→ TASK GOAL: Leaving out every picture, copy the lines of the material below exactly, from the line containing "崔灿代表党支部委员会作对照检" through the line containing "오늘은 제가 가장 좋아하는".

→ SUPPLIED INFORMATION:
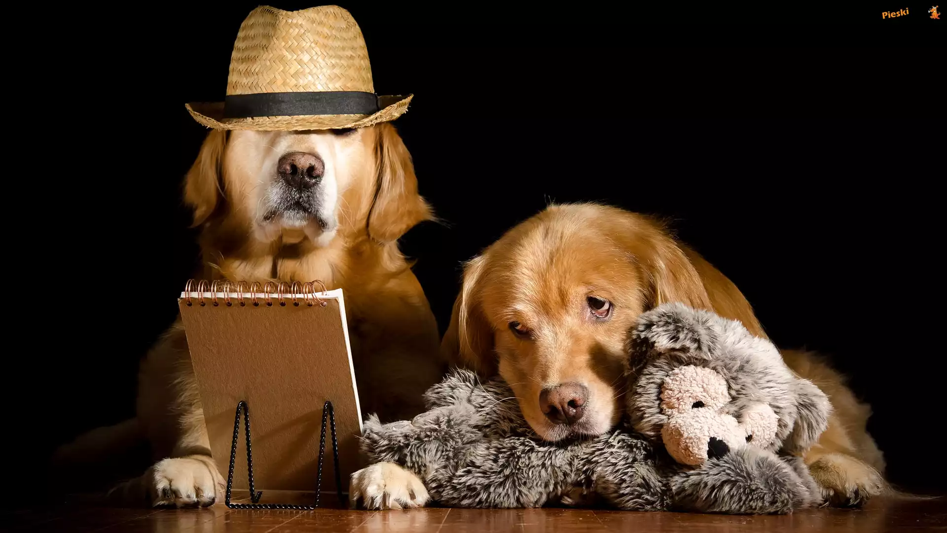 Dwa, Brulion, Kapelusz, Psy, Golden retriever, Pluszak, Pieski
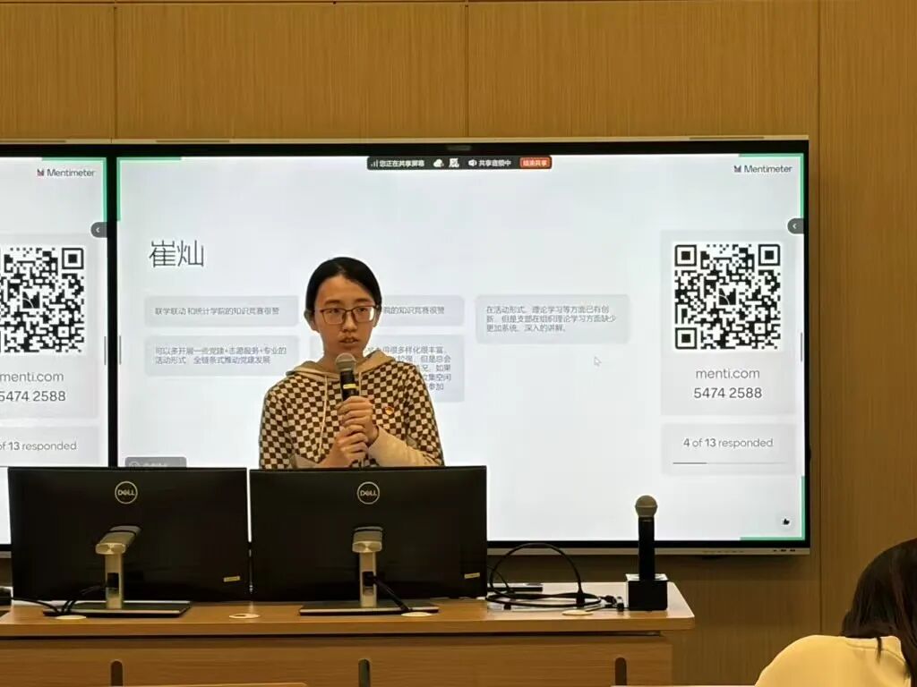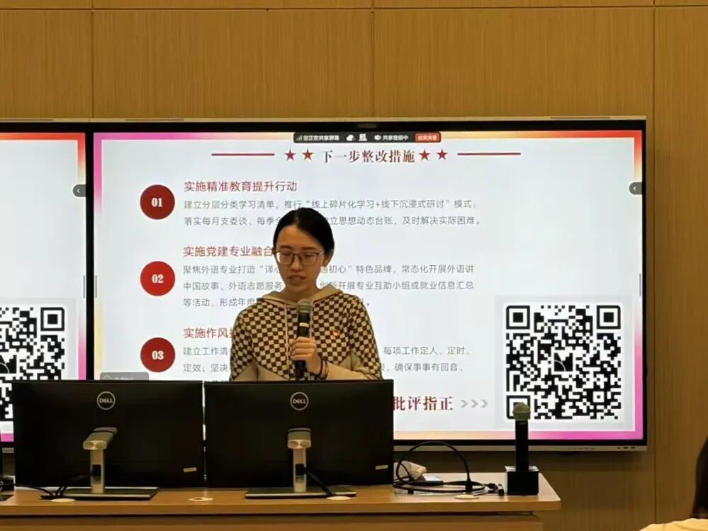 崔灿代表党支部委员会作对照检查报告。她系统梳理了理论学习方式单一、思想引导不够深入、教育形式创新不足、党建与专业融合不深等问题,从政治站位、宗旨意识、能力本领三个维度剖析问题根源,并提出精准教育提升、党建专业融合、作风执行力提升三项整改举措。
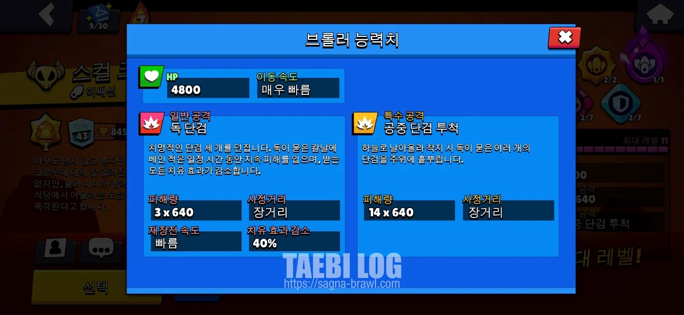 오늘은 제가 가장 좋아하는 브롤러 중 하나인 크로우에 대해 소개해 드리려고 합니다.
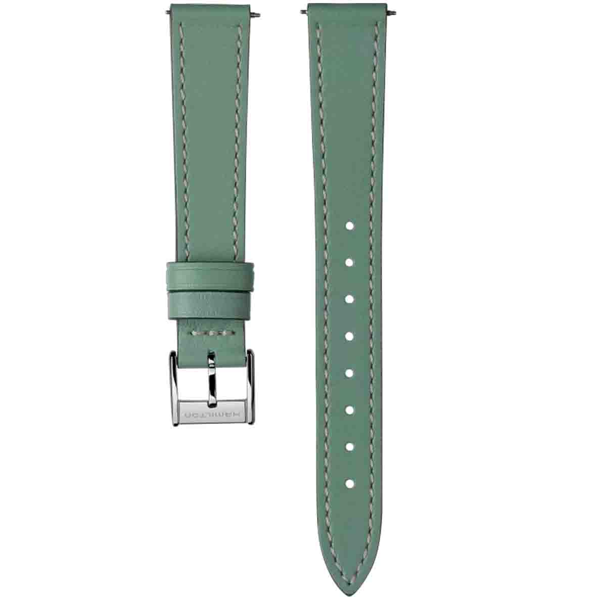 Hamilton s'impose comme une référence en matière de bracelets pour montre, grâce à son engagement indefectible en faveur de la qualité et de l'excellence. Chaque bracelet montre Hamilton est confectionné avec des matières premières de haute qualité, sélectionnées avec soin pour assurer durabilité et confort. La piqûre ton sur ton apporte une finition raffinée et harmonieuse à ce bracelet en cuir vert, renforçant son caractère sophistiqué.

→ EXPECTED OUTPUT:
 崔灿代表党支部委员会作对照检查报告。她系统梳理了理论学习方式单一、思想引导不够深入、教育形式创新不足、党建与专业融合不深等问题,从政治站位、宗旨意识、能力本领三个维度剖析问题根源,并提出精准教育提升、党建专业融合、作风执行力提升三项整改举措。
 오늘은 제가 가장 좋아하는 브롤러 중 하나인 크로우에 대해 소개해 드리려고 합니다.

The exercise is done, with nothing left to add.